#### Problem details
Please go line by line and repeat the data below exactly, with no images.

(Recorded data Opens)

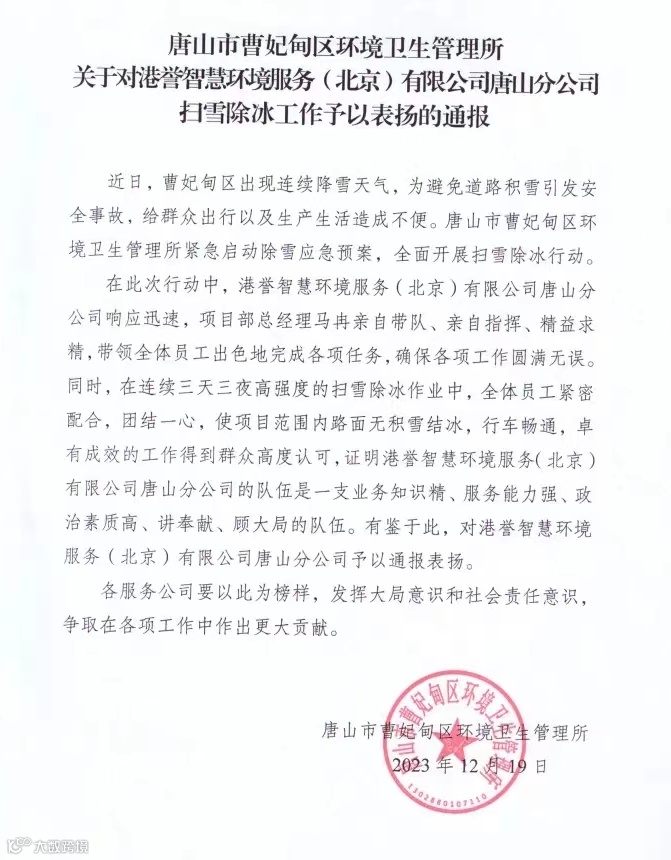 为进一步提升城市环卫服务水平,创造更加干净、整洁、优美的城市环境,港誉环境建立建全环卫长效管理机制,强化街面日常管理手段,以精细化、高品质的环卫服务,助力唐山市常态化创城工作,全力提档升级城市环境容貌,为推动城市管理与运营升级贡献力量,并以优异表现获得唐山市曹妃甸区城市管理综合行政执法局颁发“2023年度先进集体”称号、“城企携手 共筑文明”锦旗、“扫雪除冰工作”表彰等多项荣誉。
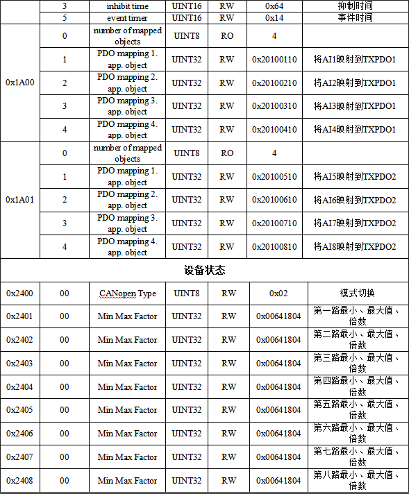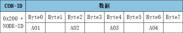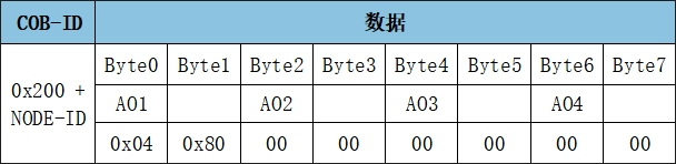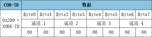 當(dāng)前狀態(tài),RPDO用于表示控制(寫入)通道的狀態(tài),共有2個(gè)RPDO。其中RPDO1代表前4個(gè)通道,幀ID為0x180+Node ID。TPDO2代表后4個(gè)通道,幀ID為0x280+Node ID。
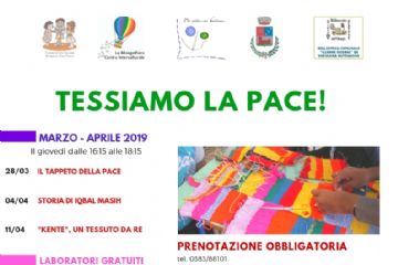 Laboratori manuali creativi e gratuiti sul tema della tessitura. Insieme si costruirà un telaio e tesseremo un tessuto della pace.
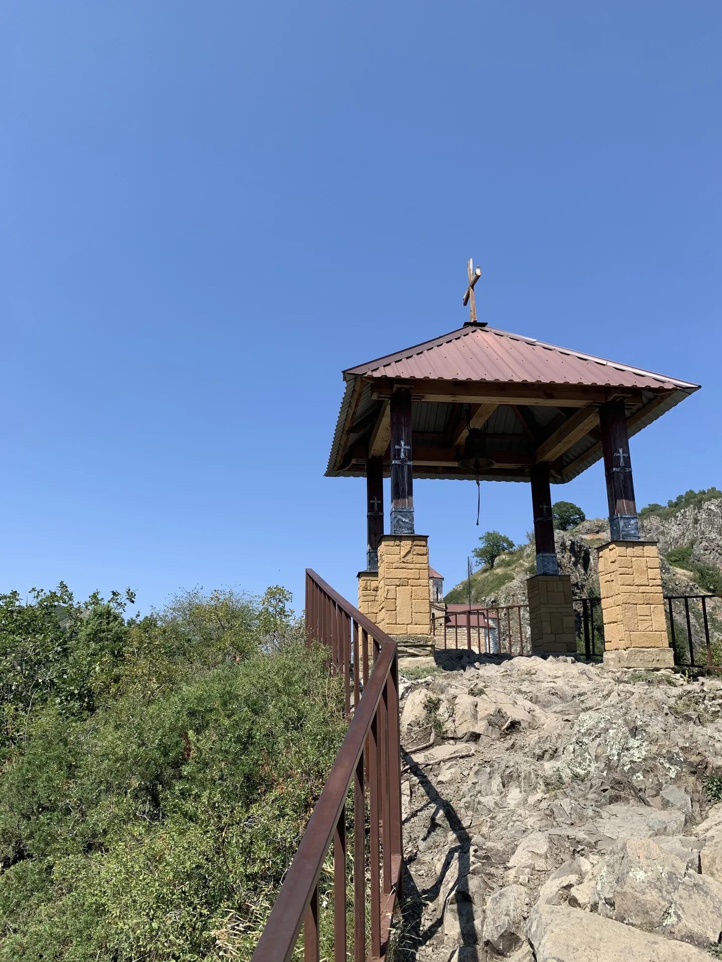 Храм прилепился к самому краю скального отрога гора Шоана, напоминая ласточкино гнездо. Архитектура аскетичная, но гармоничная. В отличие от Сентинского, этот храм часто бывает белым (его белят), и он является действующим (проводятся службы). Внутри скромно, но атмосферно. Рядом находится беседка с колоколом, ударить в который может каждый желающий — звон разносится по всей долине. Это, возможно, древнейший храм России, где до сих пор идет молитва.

(Recorded data Closes)

#### Response to this task
 为进一步提升城市环卫服务水平,创造更加干净、整洁、优美的城市环境,港誉环境建立建全环卫长效管理机制,强化街面日常管理手段,以精细化、高品质的环卫服务,助力唐山市常态化创城工作,全力提档升级城市环境容貌,为推动城市管理与运营升级贡献力量,并以优异表现获得唐山市曹妃甸区城市管理综合行政执法局颁发“2023年度先进集体”称号、“城企携手 共筑文明”锦旗、“扫雪除冰工作”表彰等多项荣誉。
 當(dāng)前狀態(tài),RPDO用于表示控制(寫入)通道的狀態(tài),共有2個(gè)RPDO。其中RPDO1代表前4個(gè)通道,幀ID為0x180+Node ID。TPDO2代表后4個(gè)通道,幀ID為0x280+Node ID。
 Laboratori manuali creativi e gratuiti sul tema della tessitura. Insieme si costruirà un telaio e tesseremo un tessuto della pace.
 Храм прилепился к самому краю скального отрога гора Шоана, напоминая ласточкино гнездо. Архитектура аскетичная, но гармоничная. В отличие от Сентинского, этот храм часто бывает белым (его белят), и он является действующим (проводятся службы). Внутри скромно, но атмосферно. Рядом находится беседка с колоколом, ударить в который может каждый желающий — звон разносится по всей долине. Это, возможно, древнейший храм России, где до сих пор идет молитва.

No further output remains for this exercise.